Abstract
The protein corona formed around nanoparticles in protein-rich fluids plays an important role for nanoparticle biocompatibility, as found in several studies during the last decade. Biological fluids have complex compositions and the molecular components interact and function together in intricate networks. Therefore, the process to isolate blood or the preparation of blood derivatives may lead to differences in the composition of the identified protein corona around nanoparticles. Here, we show distinct differences in the protein corona formed in whole blood, whole blood with EDTA, plasma, or serum. Furthermore, the ratio between particle surface area to protein concentration influences the detected corona. We also show that the nanoparticle size per se influences the formed protein corona due to curvature effects. These results emphasize the need of investigating the formation and biological importance of the protein corona in the same environment as the nanoparticles are intended for or released into.
Highlights
During the last decades, nanotechnology has emerged with new and possibly revolutionary applications in medicine, chemical industry, and in analytical and other technological setups [1,2,3,4,5,6,7,8,9,10,11]
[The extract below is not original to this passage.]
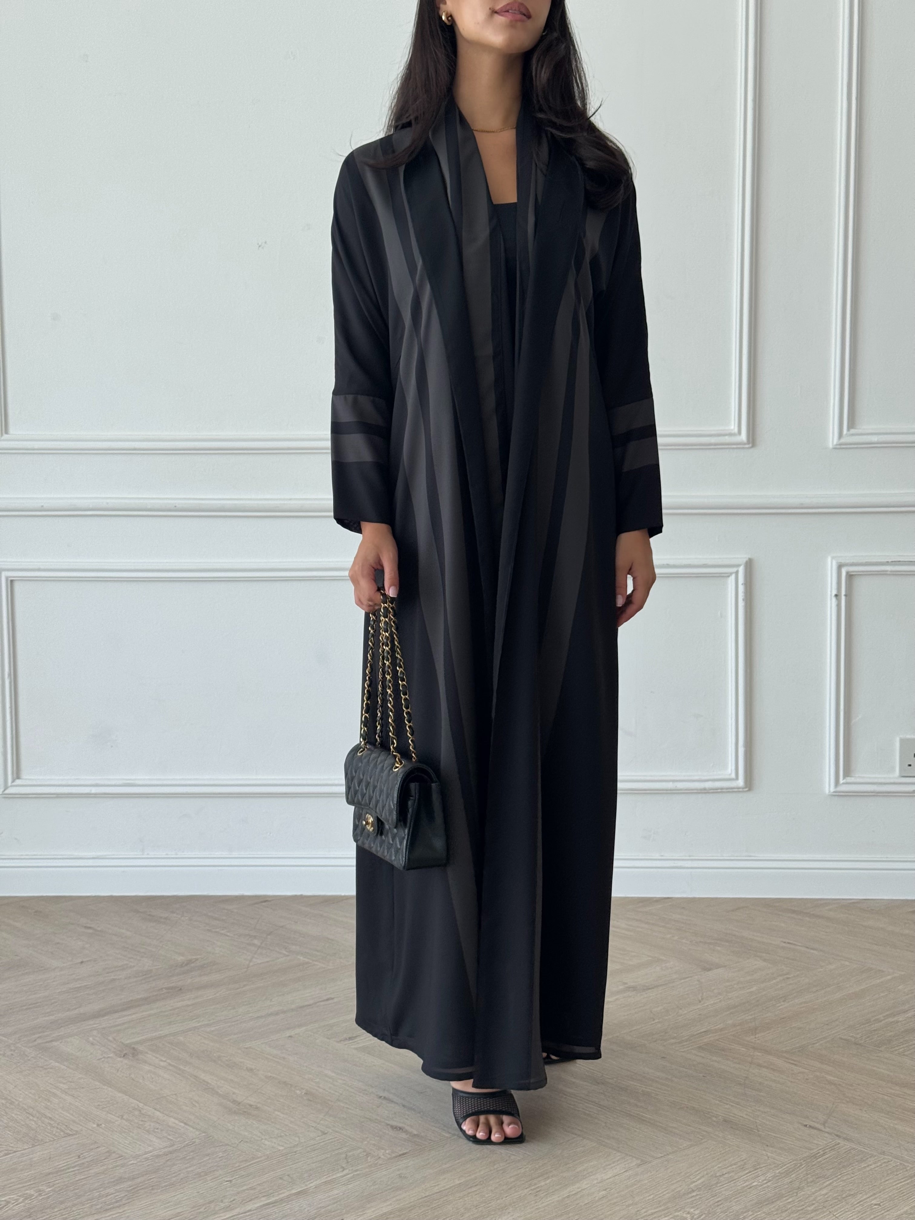 • Abaya and shaila fabric is printed chiffon, abaya is fully lined with plain chiffon.
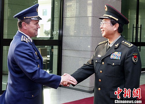 11月29日,中国人民解放军总参谋长房峰辉上将在北京八一大楼为斯洛伐克军队总参谋长彼得·沃伊泰克空军中将举行欢迎仪式。中新社发 宋吉河 摄

Some particles will have a hard core of biological macromolecules interacting strongly with the nanoparticle surface, characterized by high affinity and often low off-rates
We find that the protein corona composition differ between these four different biological fluids
Summary
Nanotechnology has emerged with new and possibly revolutionary applications in medicine, chemical industry, and in analytical and other technological setups [1,2,3,4,5,6,7,8,9,10,11]. Within the field of medicine, the development of nanoparticles for target-specific drug delivery has received particular attention. There is at least one major obstacle for successful target-specific drug delivery, i.e. interference from the biological macromolecule corona around the nanoparticle [12,13,14,15,16,17]. Regardless of the mode of entry, nanoparticles will be dispersed in biological fluids. In such environment, biomolecules will adsorb to the nanoparticle surface and form a corona. Some particles will have a hard core of biological macromolecules interacting strongly with the nanoparticle surface, characterized by high affinity and often low off-rates.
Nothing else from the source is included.